*Task description*
In the entries below, which lines run from the one containing "当地时间2023年10月30" to the one containing "El taller se"? Copy exactly those lines, ends included, and no others.
BEGIN Input records
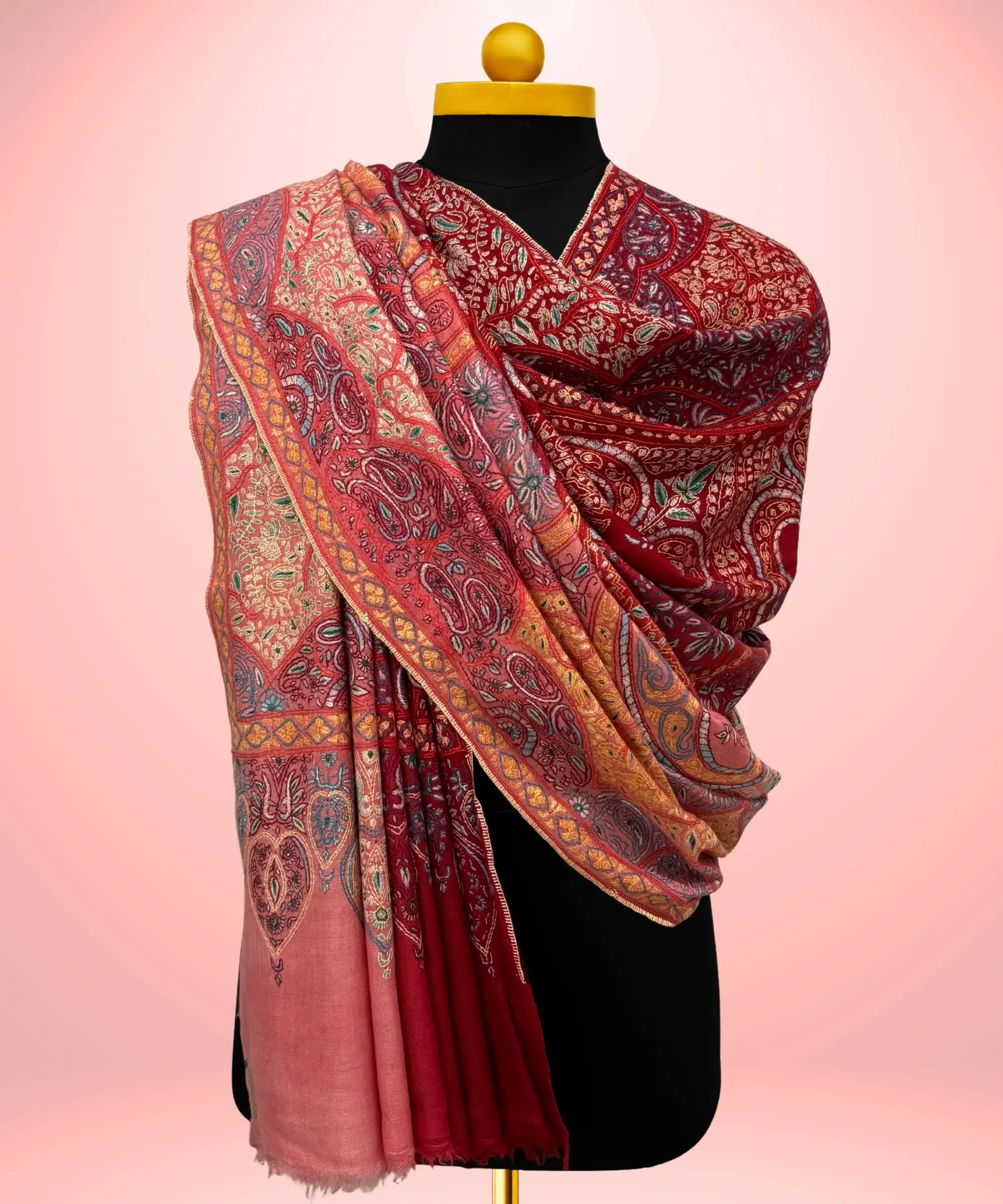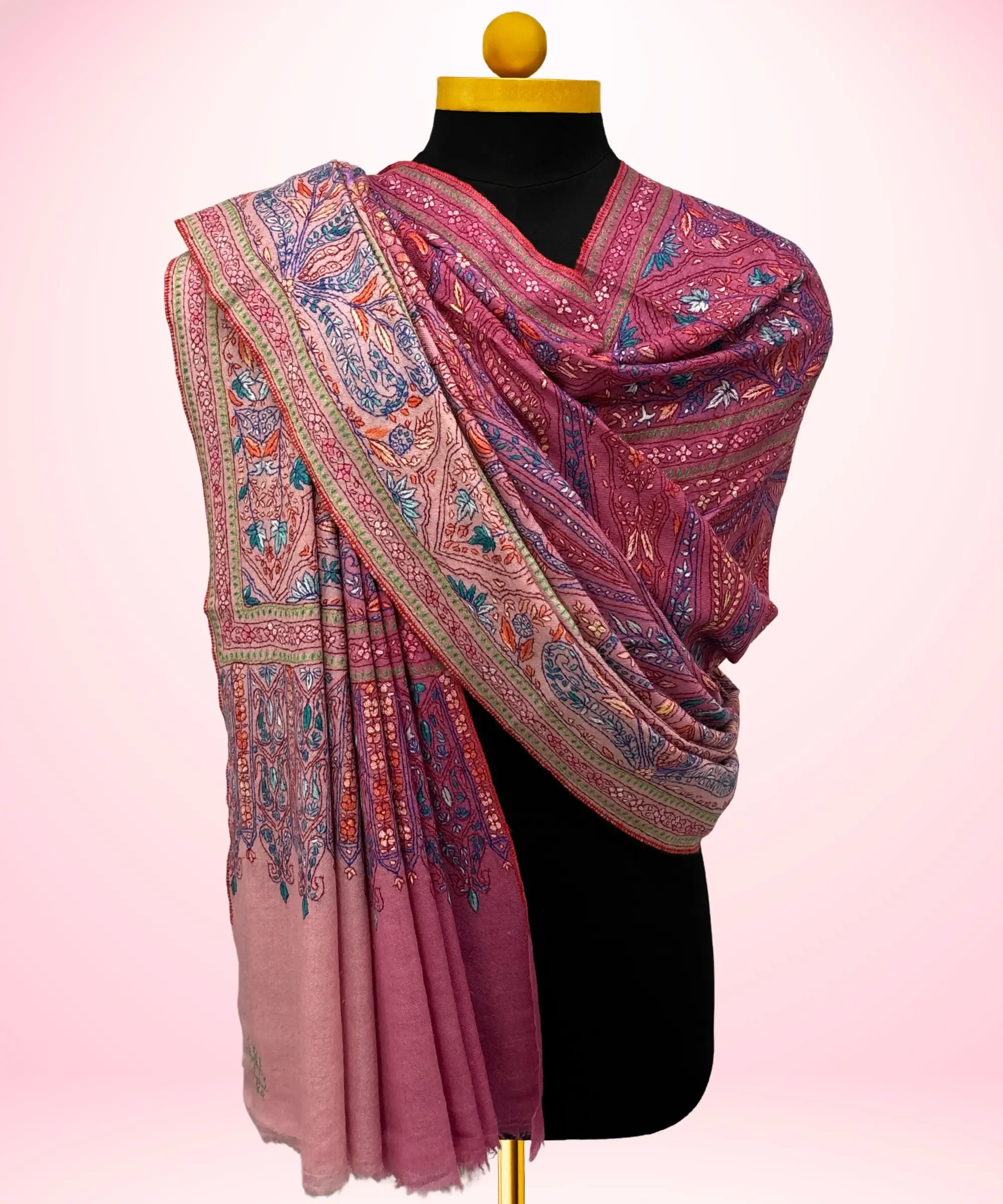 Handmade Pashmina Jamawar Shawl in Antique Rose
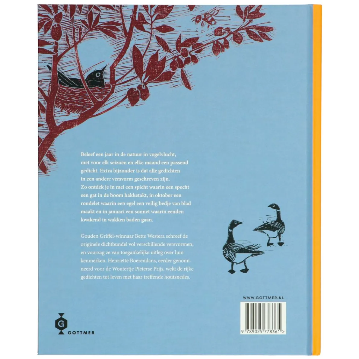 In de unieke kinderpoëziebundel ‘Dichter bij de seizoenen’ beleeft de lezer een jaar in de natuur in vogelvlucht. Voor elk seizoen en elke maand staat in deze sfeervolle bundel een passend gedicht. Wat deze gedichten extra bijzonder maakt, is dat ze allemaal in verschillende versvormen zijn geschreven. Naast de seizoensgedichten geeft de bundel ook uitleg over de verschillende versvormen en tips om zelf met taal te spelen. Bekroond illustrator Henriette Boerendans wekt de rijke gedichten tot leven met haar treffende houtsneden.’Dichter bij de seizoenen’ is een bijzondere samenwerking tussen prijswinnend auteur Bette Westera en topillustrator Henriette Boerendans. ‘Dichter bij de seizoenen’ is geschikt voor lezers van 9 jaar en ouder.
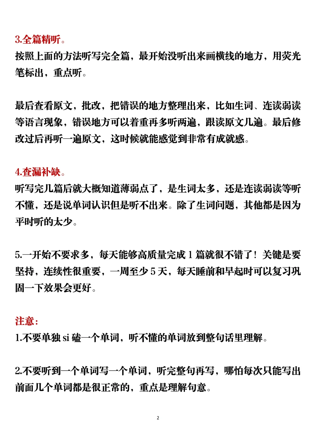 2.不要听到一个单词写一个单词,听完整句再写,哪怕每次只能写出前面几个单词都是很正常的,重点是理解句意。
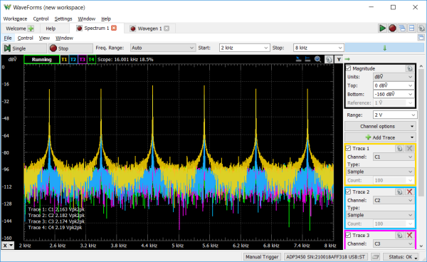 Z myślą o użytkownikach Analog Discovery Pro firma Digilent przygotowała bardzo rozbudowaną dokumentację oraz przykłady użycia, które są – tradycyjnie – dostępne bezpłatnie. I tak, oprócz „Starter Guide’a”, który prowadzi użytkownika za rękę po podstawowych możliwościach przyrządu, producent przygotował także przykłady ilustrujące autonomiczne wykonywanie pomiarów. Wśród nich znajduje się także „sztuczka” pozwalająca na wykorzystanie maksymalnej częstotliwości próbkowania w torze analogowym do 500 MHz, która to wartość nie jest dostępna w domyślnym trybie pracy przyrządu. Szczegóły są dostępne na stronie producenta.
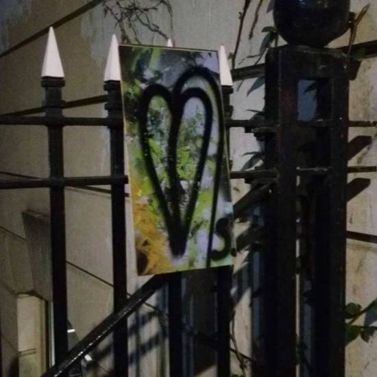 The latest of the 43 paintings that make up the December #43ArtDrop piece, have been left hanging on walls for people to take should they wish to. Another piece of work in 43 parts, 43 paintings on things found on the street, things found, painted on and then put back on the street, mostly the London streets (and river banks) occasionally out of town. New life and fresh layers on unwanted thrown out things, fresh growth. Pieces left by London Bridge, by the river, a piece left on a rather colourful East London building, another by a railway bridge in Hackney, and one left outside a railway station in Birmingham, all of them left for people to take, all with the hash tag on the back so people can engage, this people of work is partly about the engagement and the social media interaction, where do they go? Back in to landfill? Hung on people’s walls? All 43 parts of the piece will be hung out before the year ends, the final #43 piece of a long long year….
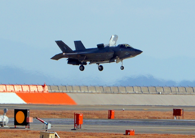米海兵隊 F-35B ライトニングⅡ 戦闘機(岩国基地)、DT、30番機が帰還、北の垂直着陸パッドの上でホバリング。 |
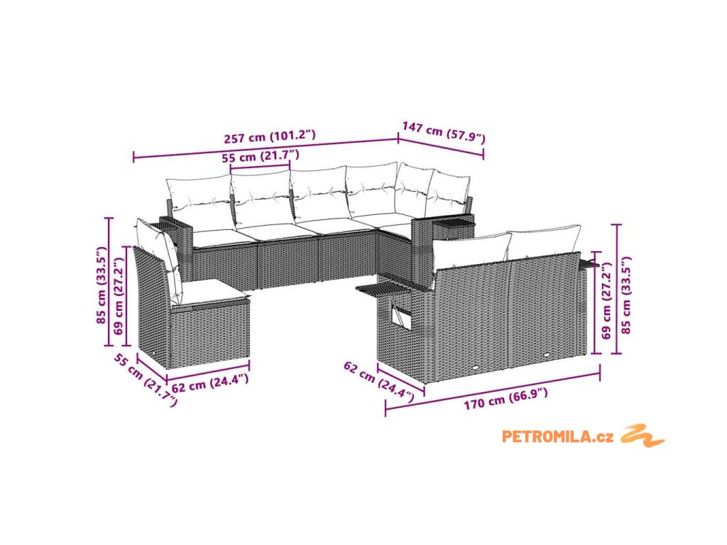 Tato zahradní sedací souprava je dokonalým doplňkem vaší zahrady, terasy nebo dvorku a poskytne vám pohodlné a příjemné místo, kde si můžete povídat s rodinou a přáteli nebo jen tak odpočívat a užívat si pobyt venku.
END Input records
BEGIN Input records
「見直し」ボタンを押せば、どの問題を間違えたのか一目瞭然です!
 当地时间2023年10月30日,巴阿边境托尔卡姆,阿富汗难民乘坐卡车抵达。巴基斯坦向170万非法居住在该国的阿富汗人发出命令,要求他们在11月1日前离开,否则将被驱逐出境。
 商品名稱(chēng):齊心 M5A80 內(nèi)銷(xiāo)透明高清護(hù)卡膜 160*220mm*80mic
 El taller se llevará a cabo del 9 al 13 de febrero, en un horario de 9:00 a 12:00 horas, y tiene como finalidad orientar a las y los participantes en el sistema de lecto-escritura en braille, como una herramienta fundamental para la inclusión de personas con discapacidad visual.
END Input records
*Answer section*
 当地时间2023年10月30日,巴阿边境托尔卡姆,阿富汗难民乘坐卡车抵达。巴基斯坦向170万非法居住在该国的阿富汗人发出命令,要求他们在11月1日前离开,否则将被驱逐出境。
 商品名稱(chēng):齊心 M5A80 內(nèi)銷(xiāo)透明高清護(hù)卡膜 160*220mm*80mic
 El taller se llevará a cabo del 9 al 13 de febrero, en un horario de 9:00 a 12:00 horas, y tiene como finalidad orientar a las y los participantes en el sistema de lecto-escritura en braille, como una herramienta fundamental para la inclusión de personas con discapacidad visual.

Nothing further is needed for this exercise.